I asked if the rapid pace of going through 1,600 applicants in a month and coming up with 32 candidates after 200 interviews seemed like a bit of a rush. And since all 32 received investments, it seemed like a “spray and pray” approach. But Lu said each applicant who was accepted into the accelerator automatically received an investment.
“It’s not spray and pray so much as we care deeply about finding interesting intersections across all of games, industry and technology,” Lu said. “We start at the very top of the funnel, and it’s quite wide. But we spend a lot of time getting to know the founders and understanding what they want to do and how they might fit within out program.”
Lee said they were looking for the best pre-seed founders, an area where these is a vacuum in games. It wasn’t just a lot of students. There were applicants in areas such as AI, consumer, payments and more.
“When we then started our demo day, it was just astounding, the number of vendors who showed up,” Lee said. “It turns out we had more than 260 ecosystem partners and investors.”
Lu added, “There are a lot of people really interested in helping to develop the games industry and want to invest in companies but don’t really know how to start.”
Lee said, “That’s the thing that I think we’re seeing in both sides of the gaming industry.
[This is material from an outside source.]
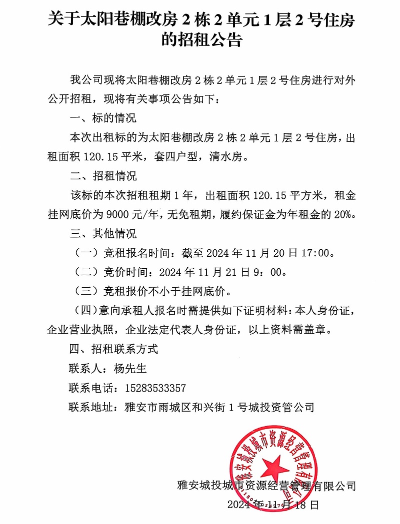關(guān)于太陽巷棚改房2棟2單元1層2號住房的招租公告

Not only do you have companies who need to basically get that acceleration. But on the other side are individuals who are angel investors or just don’t know where to find these companies. So how do we unlock that in the very early stages?”
Lee said he was a fan of Y Combinator, but he notes there is nothing like this new accelerator at the intersection of games and technology. (There were some a long time ago like YetiZen but not that many big efforts lately). The program is customized for next-generation consumers and gamers.
Lu said A16z isn’t doing this because of competition among game funds. Rather, he said it’s born out of a desire to help develop gaming’s ecosystem.
Hot categories?
Lu said there was a lot of energy in the AI and games part of the market in terms of applicants. There were a couple of AI companies in the last batch, he said.
“We are prepared to support any and all types of founders,” Lu said. “Of course we’re also optimists about AI, and we are excited to see how it impacts the games industry. We’re preparing our companies on how to use AI.”
But rather than focus on game industry categories like VR or esports, A16z will focus more on the founders and their passion for what they’re doing. Do they have the ability to ship products? That matters more than the actual space they’re targeting, Lu said.
The next round: Speedrun 2024
Lu said that the applicants who didn’t get chosen the first time around can apply again, as the first cohort had a limited capacity and there will likely be more accepted in the second group.
During the previous accelerator class, entrepreneurs like Mark Pincus gave talks and shared stories with the founders. Operators at companies in the industry gave their lessons.
“Our vision for this is we are spearheading the effort to help the games industry along, but we also want to enlist the games industry in this effort,” Lu said. “Bringing more and more mentors and speakers into the program is something that we definitely want to do.”
“The previous founders definitely want to help the next generation,” Lee said. “They have just so much knowledge and they want to share. The games industry moves so quickly that and we’re excited to see what happens in the next cohort.”